It all comes down to what your using as your definition of “Unix”. Unix is (or at least was) a trademarked term, and not a generic description. Minix, Coherent, and other similar systems were not, and could not be, “Unix” despite offering similar services, since they weren’t able to use the trademarked term.
You can’t define a Unix by its kernel. You can’t define a Unix by it’s tool set. If you define a Unix by its process architecture, how it uses devices, it’s reliance on ubiquitous block and character devices. It’s availability of services such as pipes and fork, its virtual memory system, by it’s user land development model, then lots of systems are more Unix than not (including things like Minix, and Coherent).
Is Unix little more than fork, open, close, read, write, ioctl, select, and sbrk?

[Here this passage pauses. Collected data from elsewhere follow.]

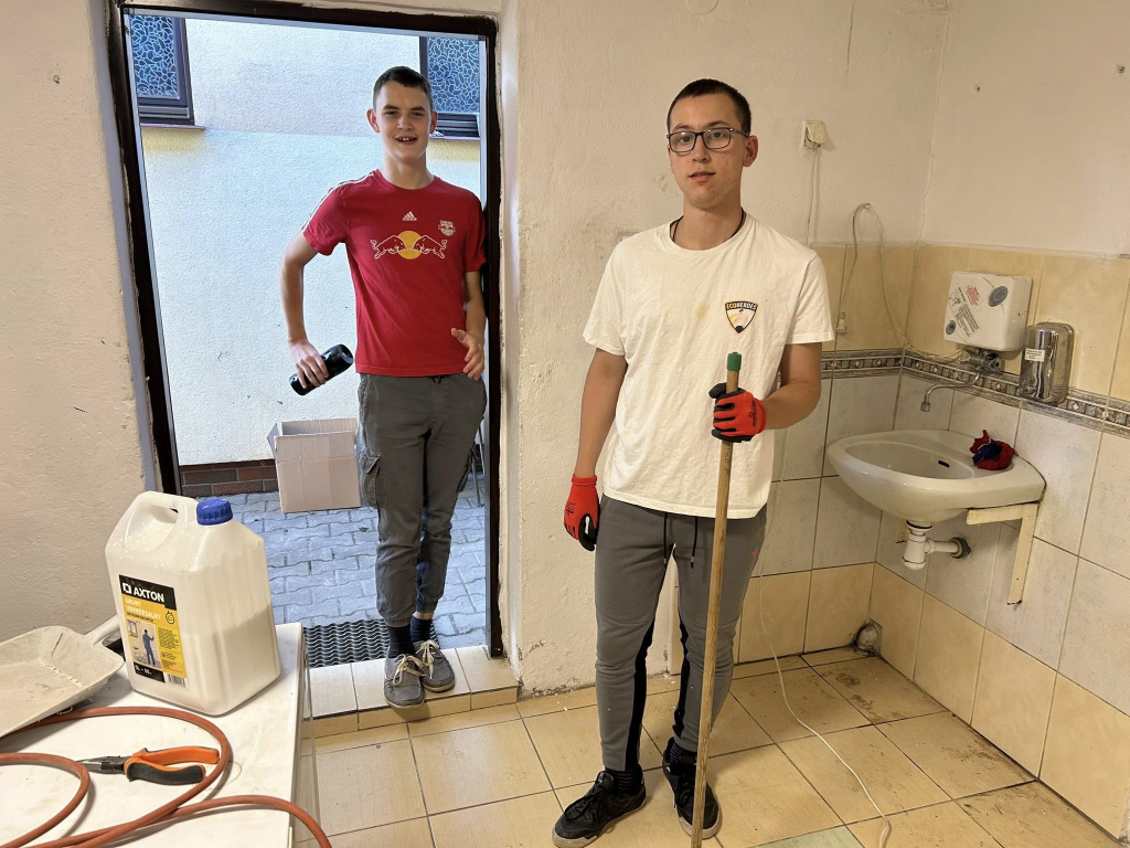 Grupa starszych chłopaków od samego początku wzięła się do działania na różnych odcinkach prac remontowych i montażowych. Chłopacy sprawnie pomagali w zagospodarowaniu i uporządkowaniu pomieszczeń przeznaczonych na warsztaty do majsterkowania.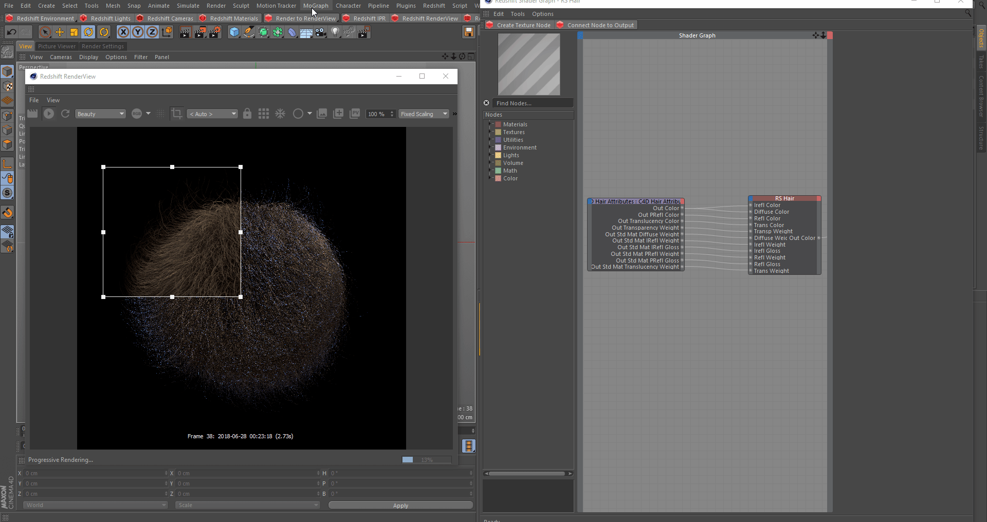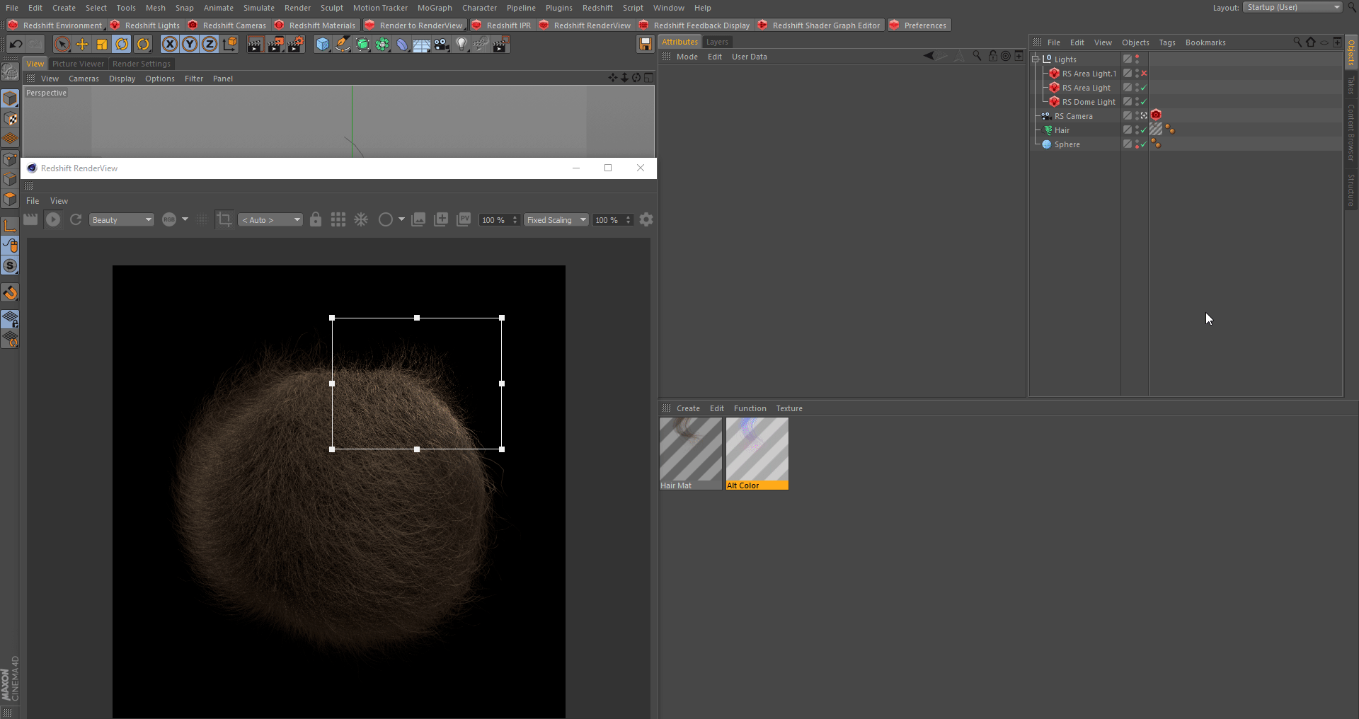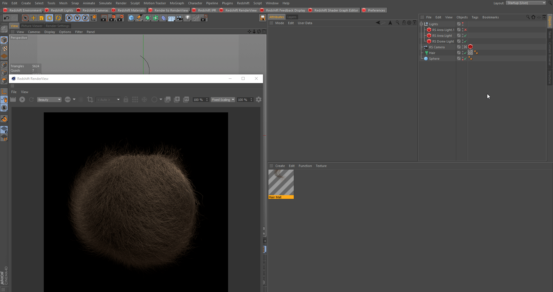 While the default Cinema 4D material has a lot of flexibility and can give very good results we can also use the Redshift Hair Material and have the ability for custom shading inside our graph. The default RS Hair material will use the C4D Hair Attributes node, which will access the blended result of all Cinema 4D Hair materials attached to the hair object. The RS Hair material will then take over allowing the use of redshift nodes for custom shading.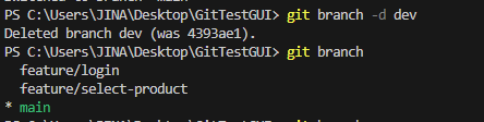 git branch -d 브랜치명: 해당 브랜치를 삭제한다.(단 해당 브랜치에 유저가 있으면 안되고 다른 브랜치로 이동 후 삭제 가능)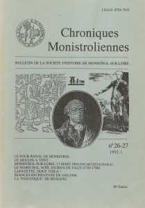- Un trait d'histoire locale qui s'inscrit dans celle de la France (le Moulin à Vent) J. Héritier Considérant la certitude de la mort... (testament de Me Jean Civier serrurier, 1696) document Le Maréchal Noël Jourda de Vaux (1705-1788) P. Teyssier Monistrol-sur-Loire, 11 mars 1964 (article de presse, repro. détachable) document Lafayette, nous voilà !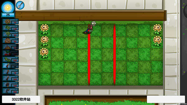 我们只能在己方地盘上种植植物和放置僵尸,首先当然是种植能产阳光的向日葵了。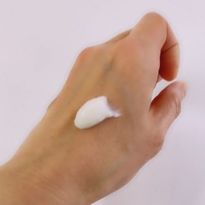 保湿をするとかゆくなる方は、ケアを始める前に手を水道水で流すひと手間をプラスしてください。そして、軽く手肌の水滴を拭いたら水分が残っている状態で保湿剤を塗布します。これだけで随分違うと、驚かれる方続出です! - 次に「お肌やわらかクリーム集中ケア」を塗布します。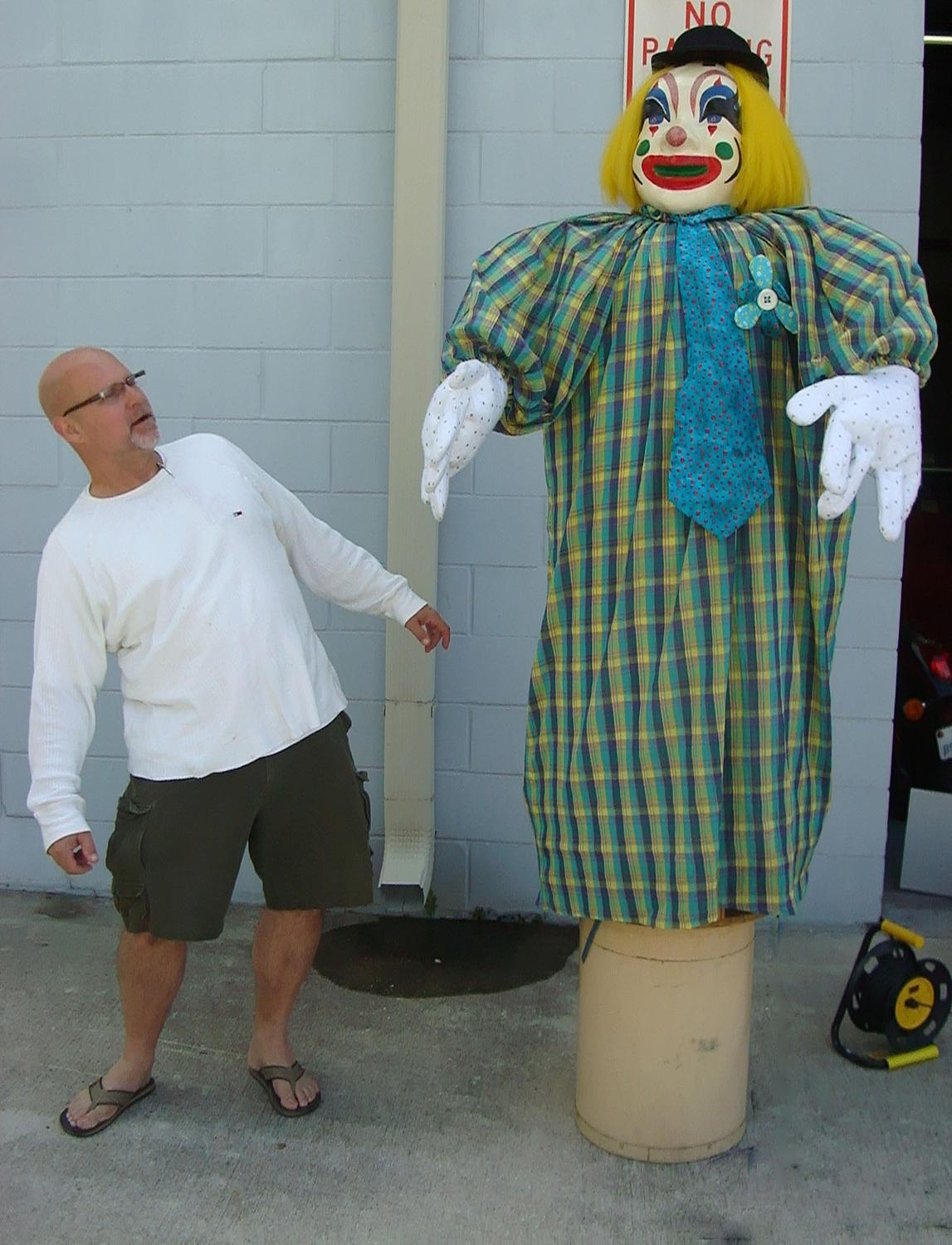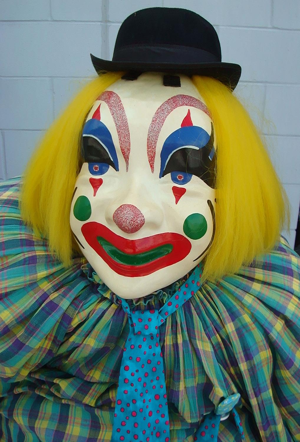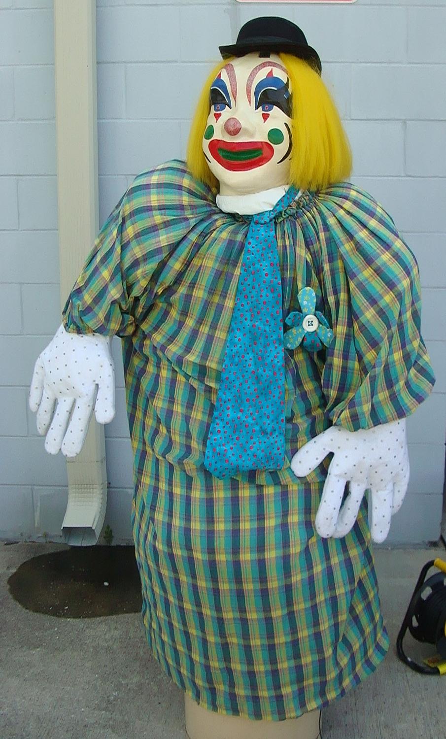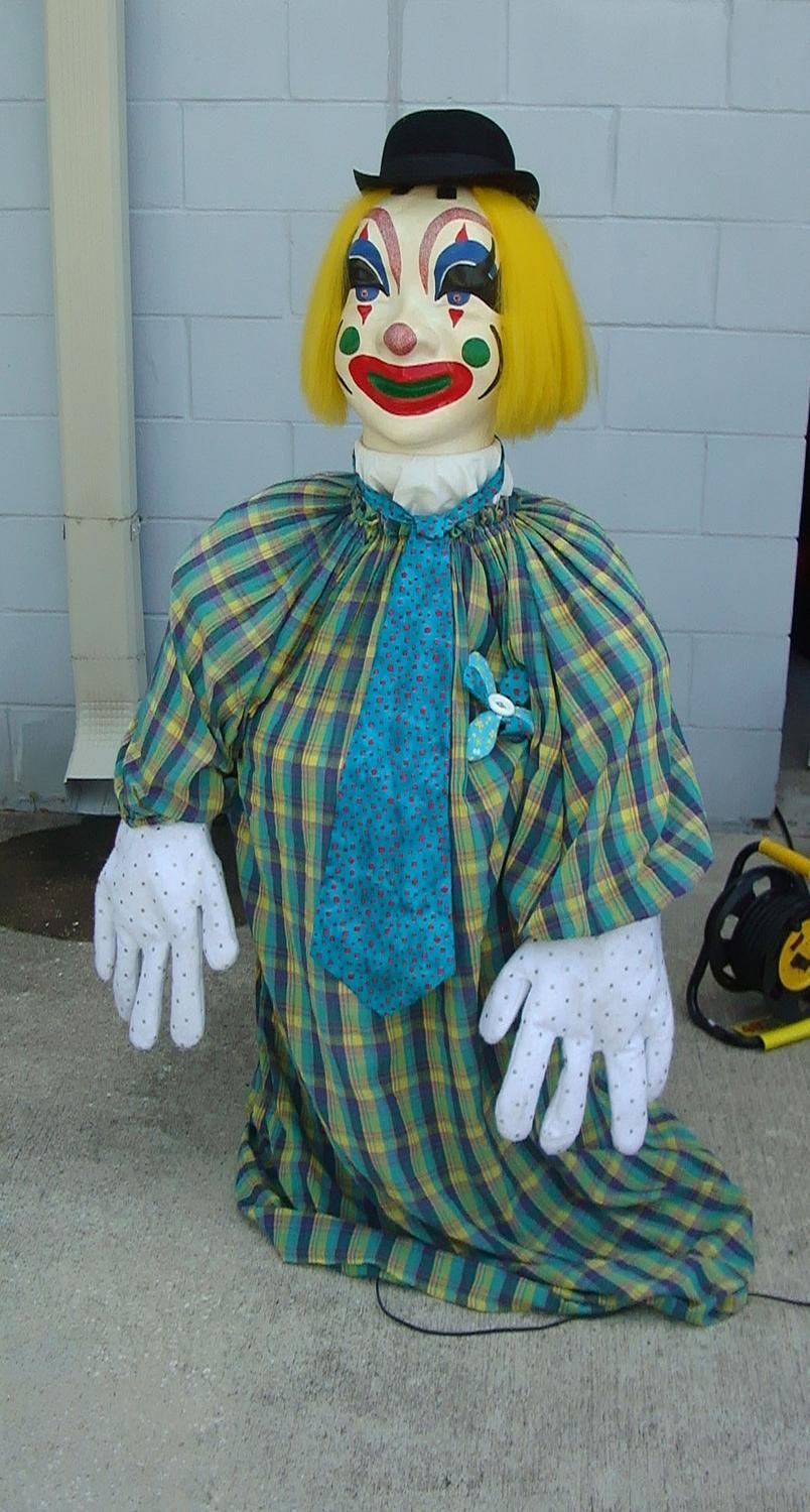 Early Carnival Circus Mechanical Clown. This Clown certainly grabs attention and a crowd with his rather unique continuous up and down motion which operates easily with any small air compressor. He rises to a colossal height of 85 inches during this process and turns heads and ears with the swooshing sound he makes. His tailored attaire is made of period muslin cotton and his face and features appear to be skillfully hand painted. Small children back in the day had to be traumatized by this clown as well as adults. And you can bet if author Stephen King owned a Clown it would be this one.

If you simply use the Wikipedia definition of Unix:
Unix (trademarked as UNIX ) is a family of multitasking, multiuser computer operating systems that derive from the original AT&T Unix…
Then, Minix, Coherent, and Linux are not Unix. Because it did not derive from the original AT&T Unix (As SCO painfully found out in its disastrous lawsuit).
But if you told someone that Linux is not Unix, they’d either laugh at you or tell you that you’re splitting the finest of hairs. Or that you’re a lawyer.
For billions of people, Linux IS Unix.
Android is based on the Linux kernel and user land, and is as Unix as any other Linux based machine.
So, while the term UNIX has actual weight, it’s trademarked, and the trademark means something, in popular culture, Unix is essentially a generic term that means “Linux and all those other guys”.